No problem, I know this is a lot of code to take in, so I'm not expecting an immediate merge. I'm happy to answer any questions you may have :)
Sorry that I left this. Unfortunately, my private development branch had already diverged a lot from the public master when you posted this, so it wasn't possible to easily merge this, and still isn't. I still would like to merge it though. Please let me know if you are interested in resolving the merge conflicts. Otherwise I will put it on my todo list or we may be able to find a student to do it.
Most of it should be resolved (with the master branch at least), I'm checking on an armv7l platform. Are there any parts that have been updated with new SIMD code? I have yet to enable SIMD in pfscan.cpp but I'm wondering if there are other places for me to look at.
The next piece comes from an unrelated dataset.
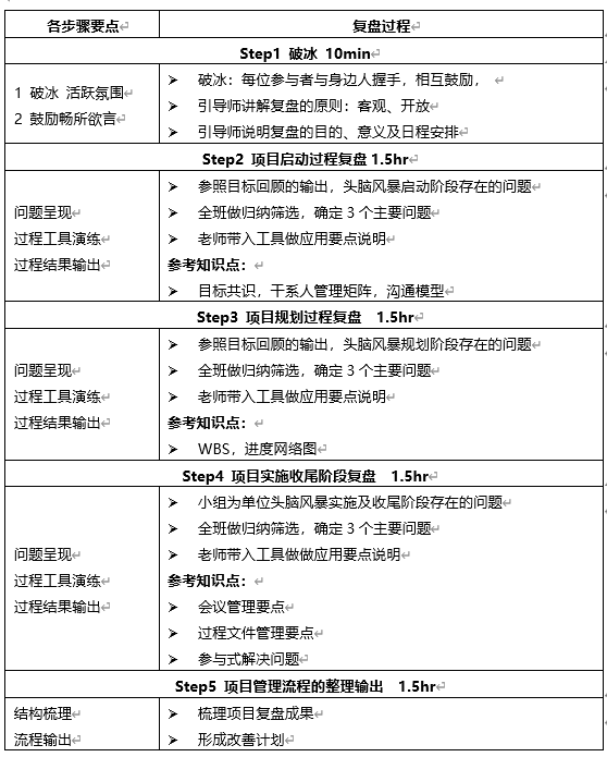 1.项目管理培训+复盘+经验萃取+辅导方案设计要点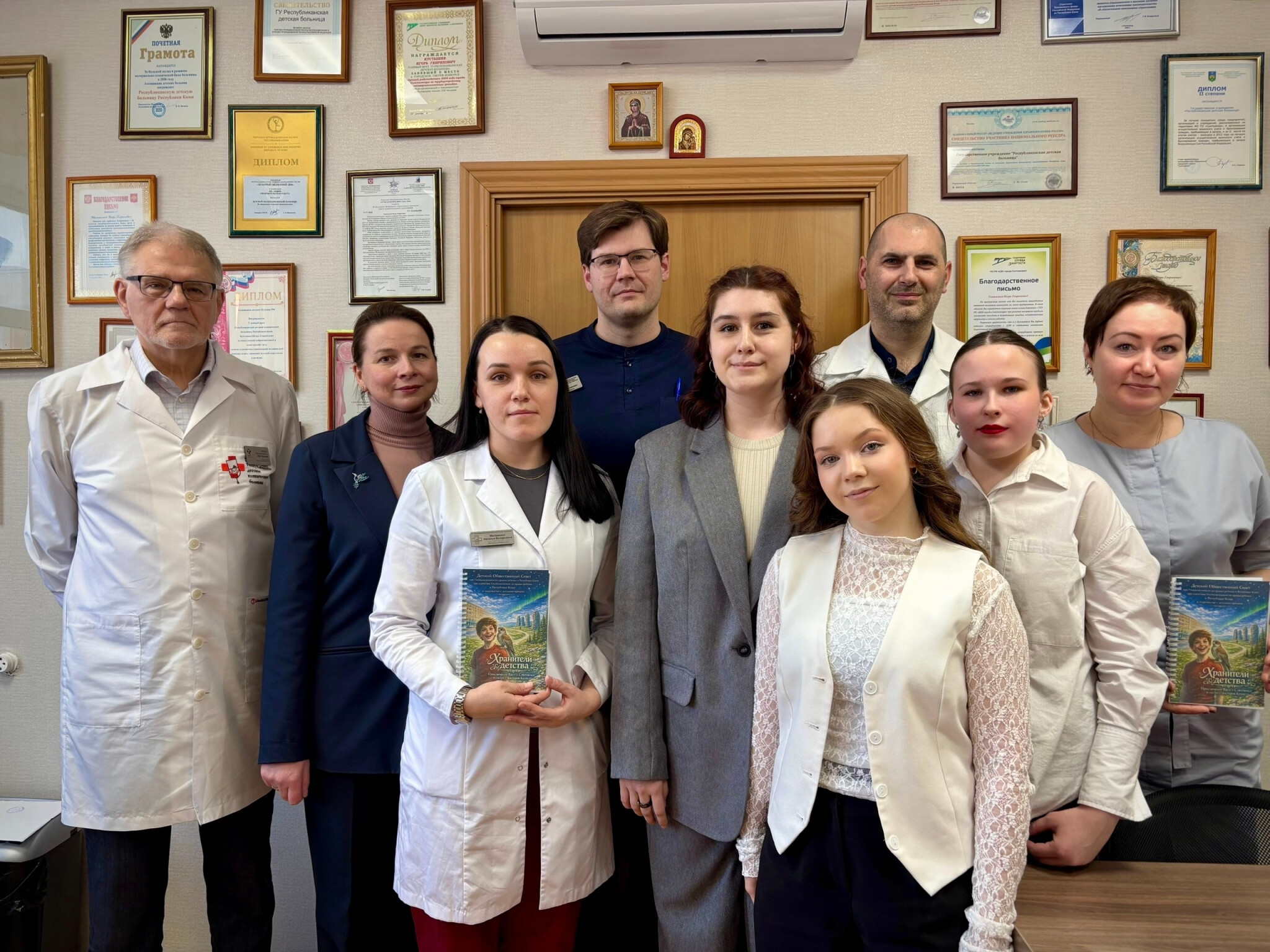 В теплой и дружеской обстановке девочки вручили именные экземпляры книг докторам республиканской детской клинической больницы, которые делились своими историями во время интервью: Наталье Николаевне Кораблевой, Наталье Валерьевне Митрониной, Даниилу Вячеславовичу Гоппе, Михаилу Васильевичу Прошутинскому, Игорю Генриховичу Кустышеву.

@bbuchfink : Done fixing the merge conflicts! In addition I also fixed the armv7 impl so now the tests pass on there as well (the ones i can run on my limited memory platform, cause at some point i'm getting an error that I can't allocate more memory).
Great thanks, I quickly tested this and everything seems to be working. Should be no problem to have this merged for the next release.